Help on class ALS in module pyspark.ml.recommendation:
class ALS(pyspark.ml.wrapper.JavaEstimator, _ALSParams, pyspark.ml.util.JavaMLWritable, pyspark.ml.util.JavaMLReadable)
| Alternating Least Squares (ALS) matrix factorization.
|
| ALS attempts to estimate the ratings matrix `R` as the product of
| two lower-rank matrices, `X` and `Y`, i.e. `X * Yt = R`. Typically
| these approximations are called 'factor' matrices. The general
| approach is iterative. During each iteration, one of the factor
| matrices is held constant, while the other is solved for using least
| squares. The newly-solved factor matrix is then held constant while
| solving for the other factor matrix.
|
| This is a blocked implementation of the ALS factorization algorithm
| that groups the two sets of factors (referred to as "users" and
| "products") into blocks and reduces communication by only sending
| one copy of each user vector to each product block on each
| iteration, and only for the product blocks that need that user's
| feature vector. This is achieved by pre-computing some information
| about the ratings matrix to determine the "out-links" of each user
| (which blocks of products it will contribute to) and "in-link"
| information for each product (which of the feature vectors it
| receives from each user block it will depend on). This allows us to
| send only an array of feature vectors between each user block and
| product block, and have the product block find the users' ratings
| and update the products based on these messages.
|
| For implicit preference data, the algorithm used is based on
| `"Collaborative Filtering for Implicit Feedback Datasets",
| <https://doi.org/10.1109/ICDM.2008.22>`_, adapted for the blocked
| approach used here.
|
| Essentially instead of finding the low-rank approximations to the
| rating matrix `R`, this finds the approximations for a preference
| matrix `P` where the elements of `P` are 1 if r > 0 and 0 if r <= 0.
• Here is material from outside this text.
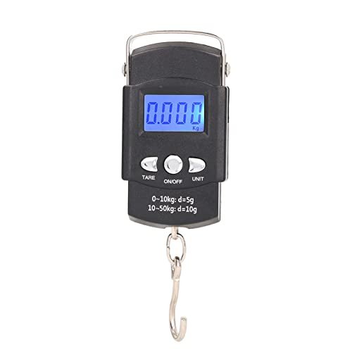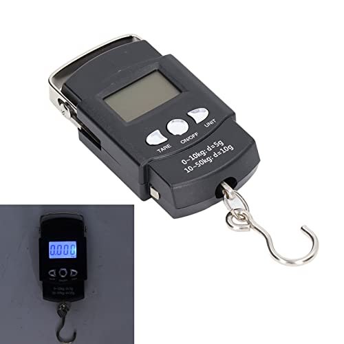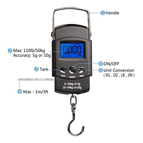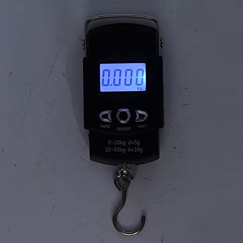 SMALL AND PORTABLE: Handheld electronic scale come with small size, light weight, easy to carry with you to anywhere at anytimeCLEAR DIGITAL LCD DISPLAY: Electronic hook scale adopt digital LCD display, bring clear reading and convenient measurement50KG MAXIMUM RANGE: Luggage scale saves you from accidental excess baggage fees, the maximum range is 50kg. The measurement units contain kg, oz, Lb, jinCOMFORTABLE TO HOLD: Ergonomic design provides a comfortable grip when weighing, not easy to feel fatigue, labor and time savingSCOPE OF USE: Portable electronic scale is ideal for luggage weighing, shopping, fishing and other home use, provide great convenience

| The ratings then act as 'confidence' values related to strength of
| indicated user preferences rather than explicit ratings given to
| items.
|
| .. versionadded:: 1.4.0
|
| Notes
| -----
| The input rating dataframe to the ALS implementation should be deterministic.
| Nondeterministic data can cause failure during fitting ALS model.
| For example, an order-sensitive operation like sampling after a repartition makes
| dataframe output nondeterministic, like `df.repartition(2).sample(False, 0.5, 1618)`.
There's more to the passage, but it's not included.